Jan-Arie van der Heijden is, net als Eric Botteghin en Ridgeciano Haps, helemaal op de weg terug bij Feyenoord na blessureleed. In Marbella, waar Feyenoord deze week verblijft, werkt het drietal toe naar de tweede seizoenshelft. "Ik werk keihard aan mijn fitheid, train alles mee, het gaat de goede kant op," zegt Van der Heijden.

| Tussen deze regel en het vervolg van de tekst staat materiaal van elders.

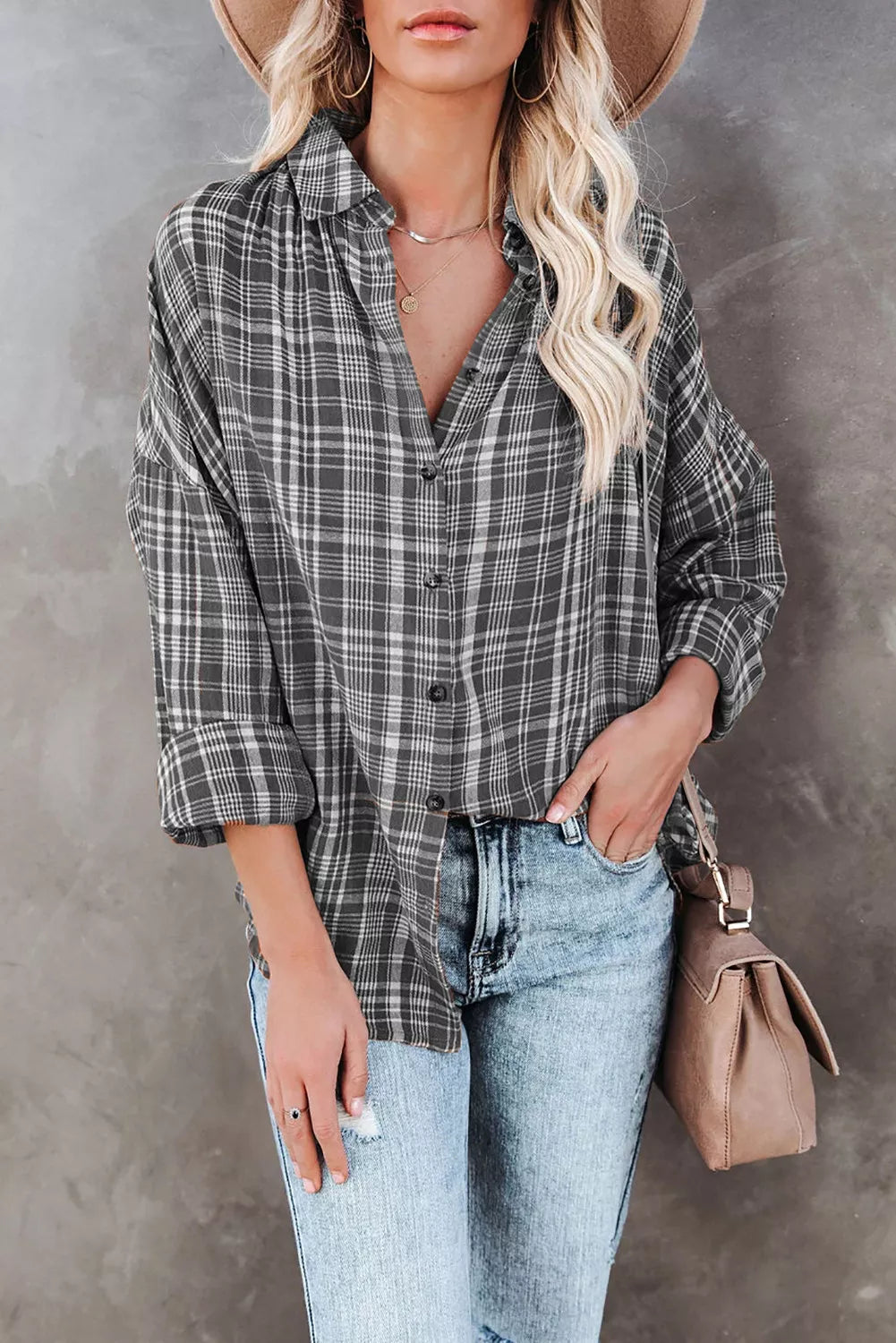 - •This Relaxed Fit Plaid Button Shirt has a collared neck and a rounded hem

Vorig seizoen vormde Van der Heijden met Botteghin het betrouwbare centrale duo van Feyenoord, dat voor het eerst in achttien jaar de landstitel veroverde. Toch begrijpt ook Van der Heijden dat het allesbehalve een zekerheid is dat hij zomaar weer terugkeert in de basis. Zeker omdat Sven van Beek en Renato Tapia het in december uitstekend deden achterin. "Ik ga helemaal nergens van uit. In het voetbal werkt het zo dat als jij niet kan spelen en iemand anders doet het goed, dat die jongen speelt. Wij (Botteghin, red.) moeten laten zien dat we fit zijn en moeten wachten op een kans, die komt altijd weer."
"Ik ga er alles aan doen om zo snel mogelijk te spelen, dat is een mooie uitdaging," zegt Van der Heijden, die nog hoopt op een mooie tweede seizoenshelft. "De eerste maand gaat vertellen hoe de rest van het seizoen zal verlopen. We moeten laten zien dat we gegroeid zijn, moeten er gelijk staan. Dit trainingskamp is wel belangrijk geweest om een goede basis te leggen voor de komende maand."